3Measurement precision
If RTK-corrected GNSS positioning is used to establish ground truth, then position accuracy is improved, but dependency on V2X participants and message availability increases
Solution Approach 1:
The patent applies preliminary action by pre-establishing ground truth datasets from cooperative awareness messages before the actual perception task. The system uses historical and pre-existing V2X data to create a foundation of ground truth information that can be referenced during operation.
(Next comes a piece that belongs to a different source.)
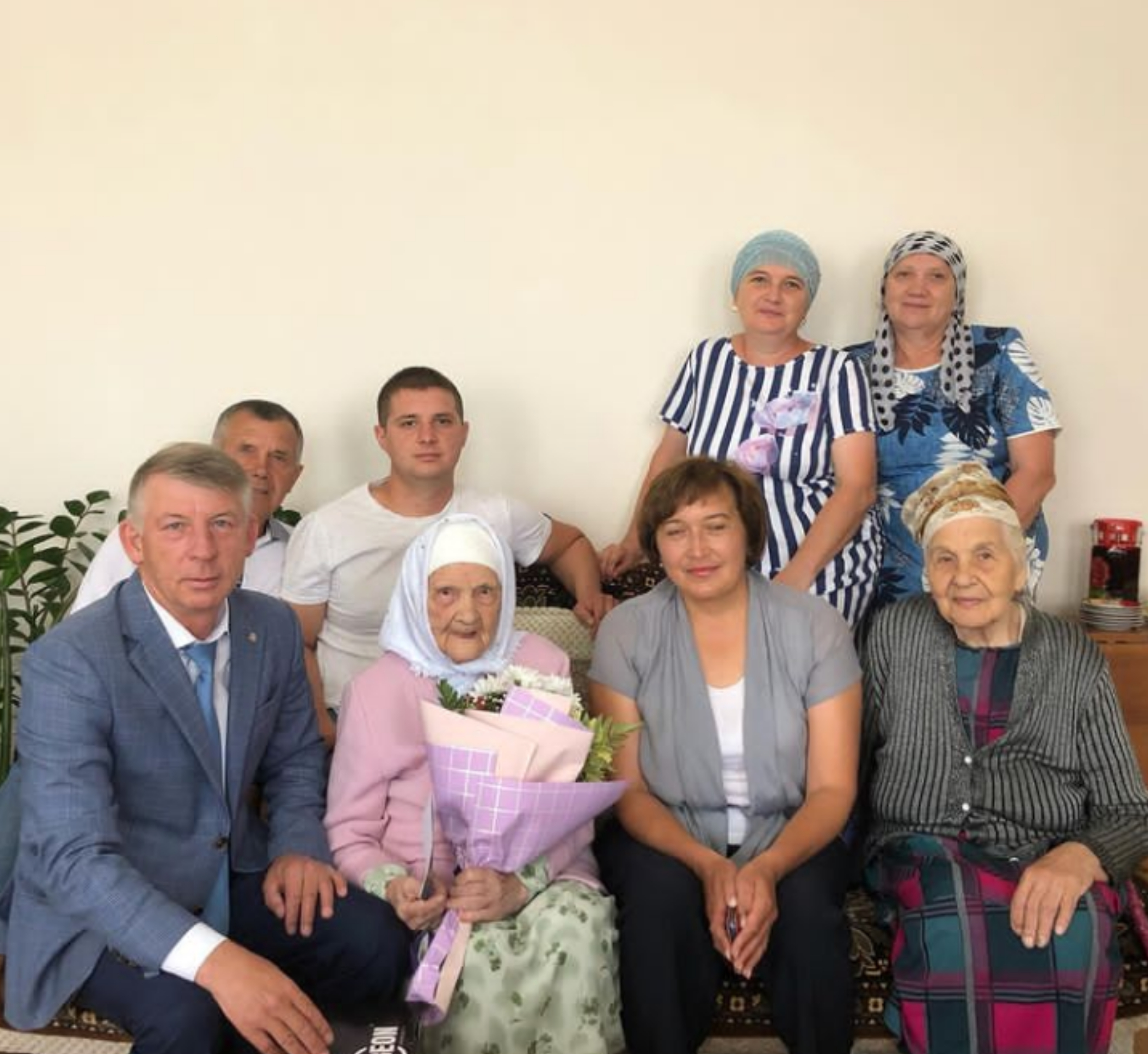 С юбилейной датой Талигу Камалову поздравили заместитель руководителя Исполкома Айрат Залялов и глава Старошаймурзинского сельского поселения Илгамия Мухитова. Они пожелали юбилярше долгих лет жизни и здоровья, вручили подарок, цветы и Поздравительную открытку Президента России.

This preliminary preparation allows the system to maintain position accuracy even when real-time V2X participation is limited or unavailable.
Data Source
AI summary
Provided a Road Side Unit (RSU) transceiver enabled to receive authenticated participant Society of Automotive Engineers (SAE) standard J2735 Basic Safety Messages, RTK corrected GNSS positioning data, SAE standard J3224 Sensor Data Sharing Messages and equipped with a sensor suite consisting of one or more electro-optical sensors, camera sensors, thermal imaging sensors, lidar sensors, ultrasonic sensors, and or radar sensors; the system may include one or more processors programmed or configured to receive data from the system's own sensor suite, reporting transceivers and other network connected devices, to construct high confidence object-actor detection, classification, and tracking perception messages representing the object-actors in the system's field of view for use in other system internal processes and transmit to other external devices for use.